Why does GPUImage use semaphores and processing queues instead of a thread with a runloop?


As far as I understand GPUImage performs DAG traversal and uses semaphores to protect OpenGL usage while treating it as a single use resource together with the framebuffer texture cache.

Is there a reason to use semaphores here? Do they not unecessarily complicate the situation? What benefit do they provide and what kind of problems will be encountered by using a separate thread implementation for each filter DAG instead of running on a separate thread in a runloop. Were there particular design considerations which informed the decision for the current GPUImage architecture?


Solution

  • When working with a OpenGL(ES) context, bad things happen if you access it from more than one thread at a time. You could simply perform all of your rendering and interaction code on the main thread, but that would interfere with your UI and would halt any image or video processing during UI events (like pulling down a menu). There also are significant performance advantages to doing OpenGL(ES) rendering on a background thread.

    Therefore, you need a way to perform OpenGL(ES) rendering on a background thread while still protecting against simultaneous access. Manually created threads and locks would be one way to do this, but locks have significant performance overhead and properly managing manually created threads can add a lot of code (and the potential to waste resources).

    A one-block-at-a-time Grand Central Dispatch queue is an efficient and relatively easy way to provide safe, lock-free access to a shared resource like this. Any place you want to do OpenGL(ES) rendering on your context, simply wrap it in a block to be dispatched on the context's serial dispatch queue. That makes it easy to see where these accesses take place in your code, and spares you from the performance and code overhead of maintaining manual threads, runloops, and locks.

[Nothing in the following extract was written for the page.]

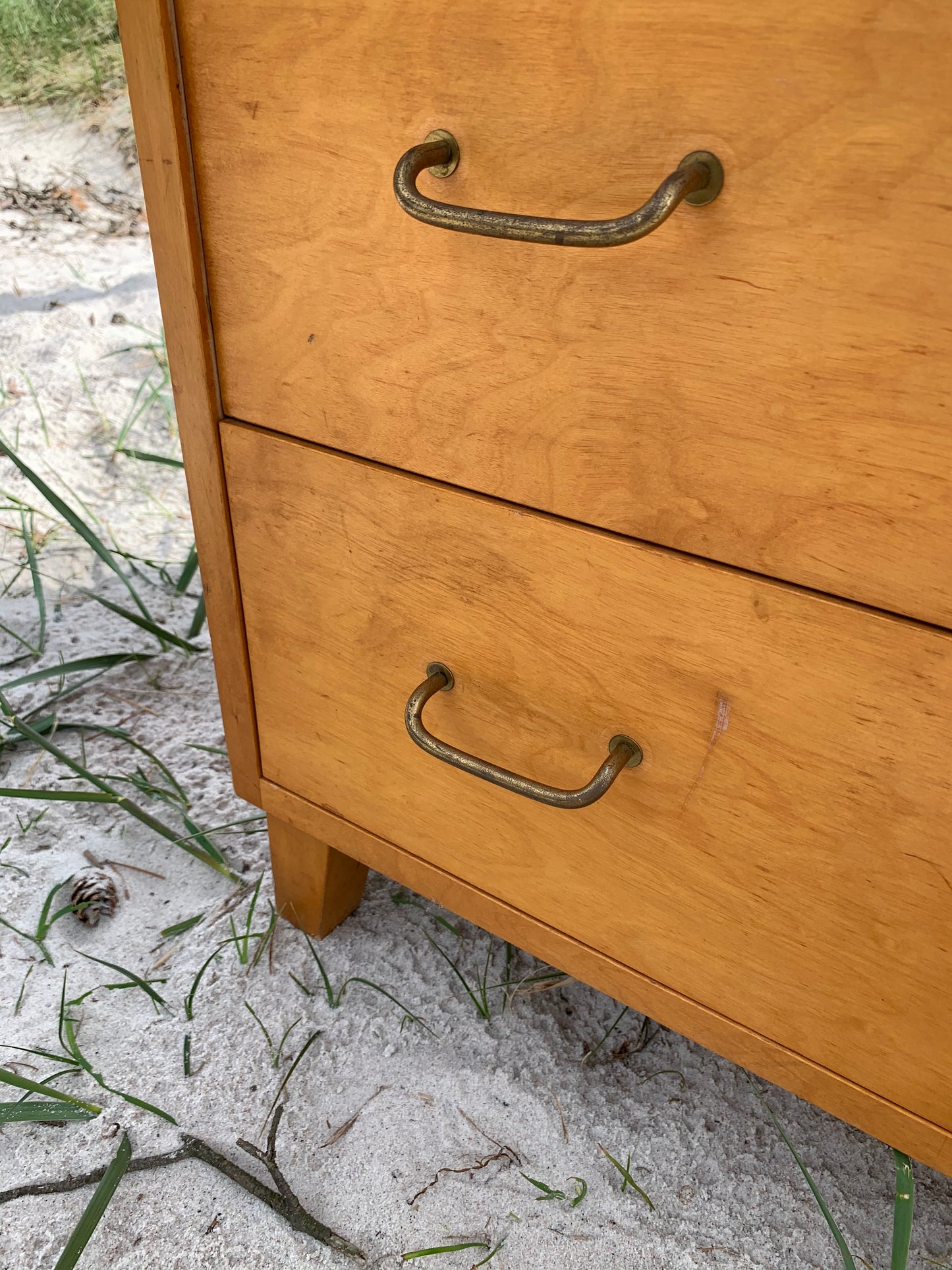 Fin lille kommode med tre skuffer. Tidens tand har bidt en lille smule i den, men efter vores smag er det bare charmerende.
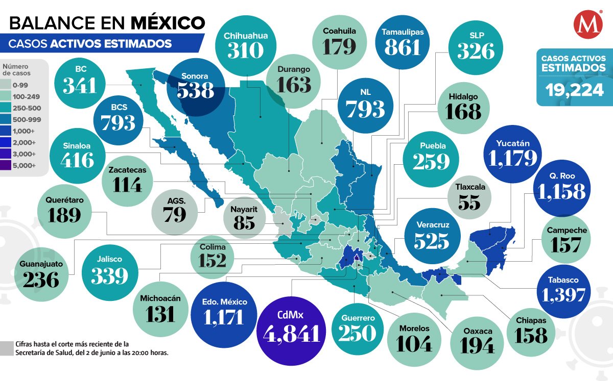La Ciudad de México y el Estado de México son las entidades con la mayor cantidad de casos activos estimados de coronavirus; mientras que Tlaxcala tiene la menor cifra.

    I discuss the reason why I use dispatch semaphores in my answer here, but this is a way of selectively dropping incoming frames in response to load.

    With a serial dispatch queue like this, I want to make sure that at any given time I only have a single image or video frame working its way through the queue. With a single GPU, there is no advantage to rendering more than one image at a time.

    However, if you've got a camera providing frames to be processed at 30-60 frames per second, and your processing pipeline occasionally takes more than 1/30th or 1/60th of a second to operate on these images, you have to make a decision. Do you drop the incoming frames, or do you enqueue them to be processed? If it's the latter, you'll keep building up more and more frames in your queue until you exhaust available processing and memory resources, and you'll also see a larger and larger lag in processing.

    The dispatch semaphore allows me to immediately drop frames if there is one already being processed in the serial dispatch queue, and to do so in a performant and safe manner. It also only adds a few lines of code, almost all of which are found in my answer here (this is even shorter and more readable in Swift 3).

    The architecture I describe above has been thoroughly profiled, and has been the best solution I've found for these needs. I've used it for years to provide 60 FPS OpenGL ES rendering of molecular models on older iOS hardware, live machine vision processing on Macs, and realtime video filtering on iOS. It's proven to be pretty solid and easy to maintain, given all the things that can go wrong with multithreaded code. The overhead from the GCD queues and semaphores has never been close to a performance bottleneck in my video rendering.